◆ Assignment:
Please write out the entire listing below exactly, excluding its pictures.

◆ Source data:
____
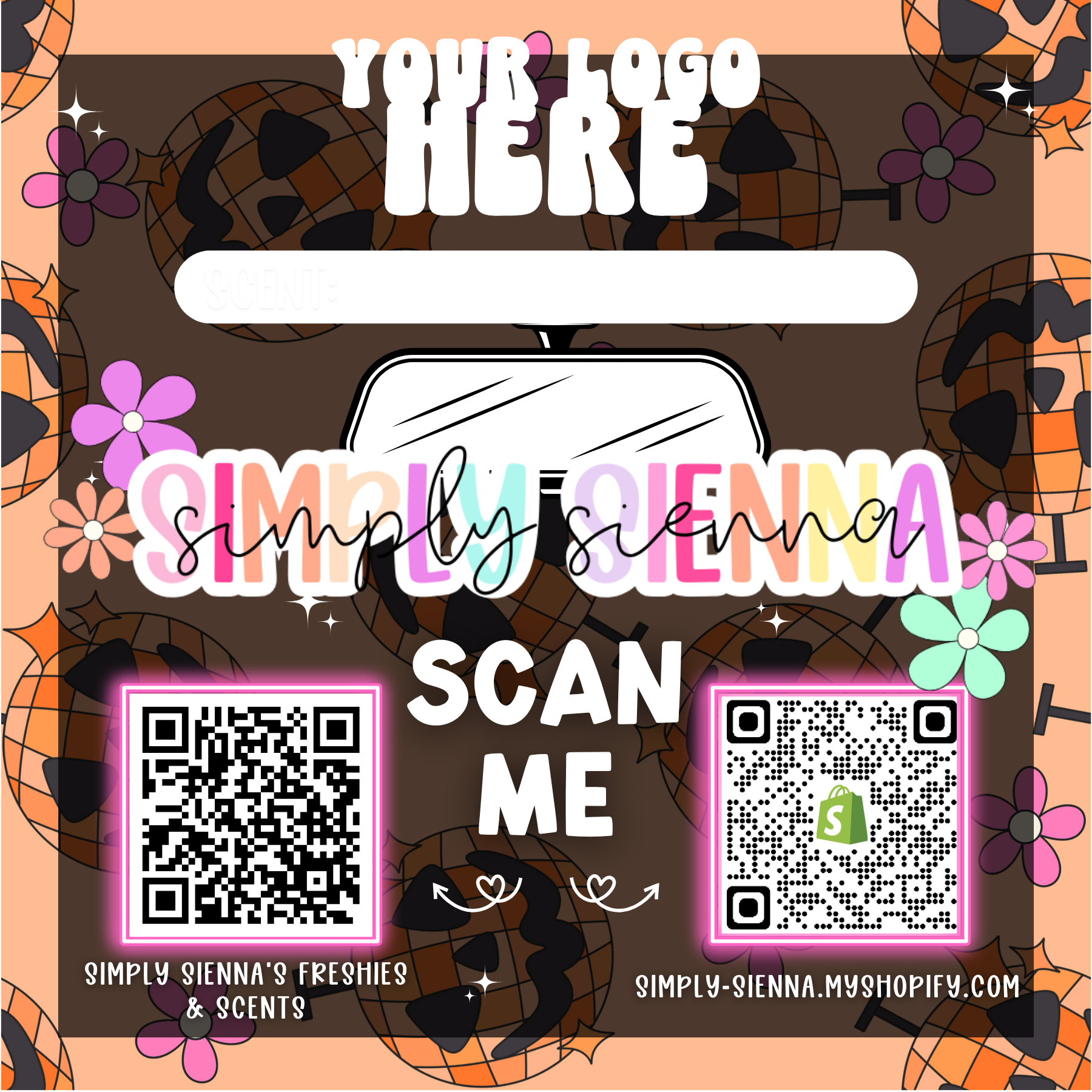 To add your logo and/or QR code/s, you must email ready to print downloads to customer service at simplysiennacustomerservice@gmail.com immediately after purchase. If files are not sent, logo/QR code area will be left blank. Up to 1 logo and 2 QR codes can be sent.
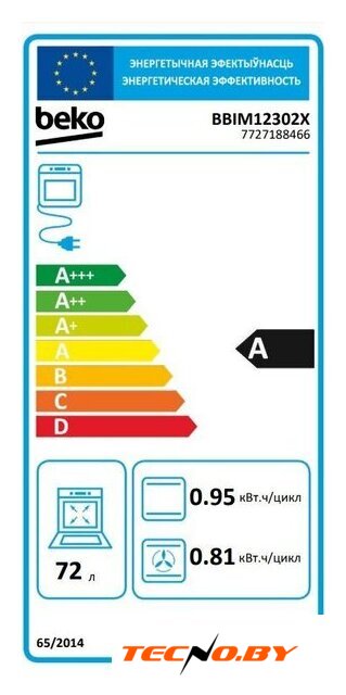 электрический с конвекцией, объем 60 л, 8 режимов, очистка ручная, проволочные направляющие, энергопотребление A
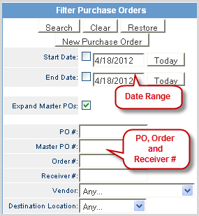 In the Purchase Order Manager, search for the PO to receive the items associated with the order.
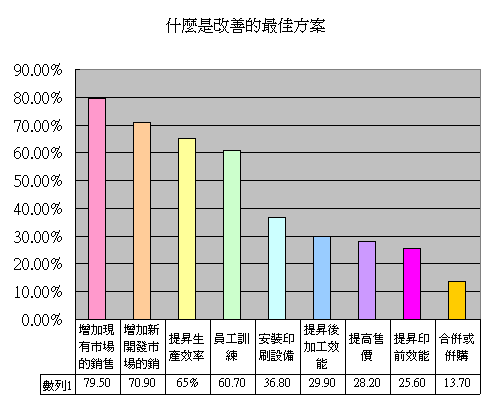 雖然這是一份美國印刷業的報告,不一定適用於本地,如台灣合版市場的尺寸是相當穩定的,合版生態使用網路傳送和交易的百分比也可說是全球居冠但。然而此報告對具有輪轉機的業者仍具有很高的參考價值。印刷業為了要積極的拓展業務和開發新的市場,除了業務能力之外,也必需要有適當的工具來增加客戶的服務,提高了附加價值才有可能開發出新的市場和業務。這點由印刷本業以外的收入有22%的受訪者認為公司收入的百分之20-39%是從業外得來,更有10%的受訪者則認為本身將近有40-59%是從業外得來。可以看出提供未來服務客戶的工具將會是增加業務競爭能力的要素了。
____
◆ Answer section:
 To add your logo and/or QR code/s, you must email ready to print downloads to customer service at simplysiennacustomerservice@gmail.com immediately after purchase. If files are not sent, logo/QR code area will be left blank. Up to 1 logo and 2 QR codes can be sent.
 электрический с конвекцией, объем 60 л, 8 режимов, очистка ручная, проволочные направляющие, энергопотребление A
 In the Purchase Order Manager, search for the PO to receive the items associated with the order.
 雖然這是一份美國印刷業的報告,不一定適用於本地,如台灣合版市場的尺寸是相當穩定的,合版生態使用網路傳送和交易的百分比也可說是全球居冠但。然而此報告對具有輪轉機的業者仍具有很高的參考價值。印刷業為了要積極的拓展業務和開發新的市場,除了業務能力之外,也必需要有適當的工具來增加客戶的服務,提高了附加價值才有可能開發出新的市場和業務。這點由印刷本業以外的收入有22%的受訪者認為公司收入的百分之20-39%是從業外得來,更有10%的受訪者則認為本身將近有40-59%是從業外得來。可以看出提供未來服務客戶的工具將會是增加業務競爭能力的要素了。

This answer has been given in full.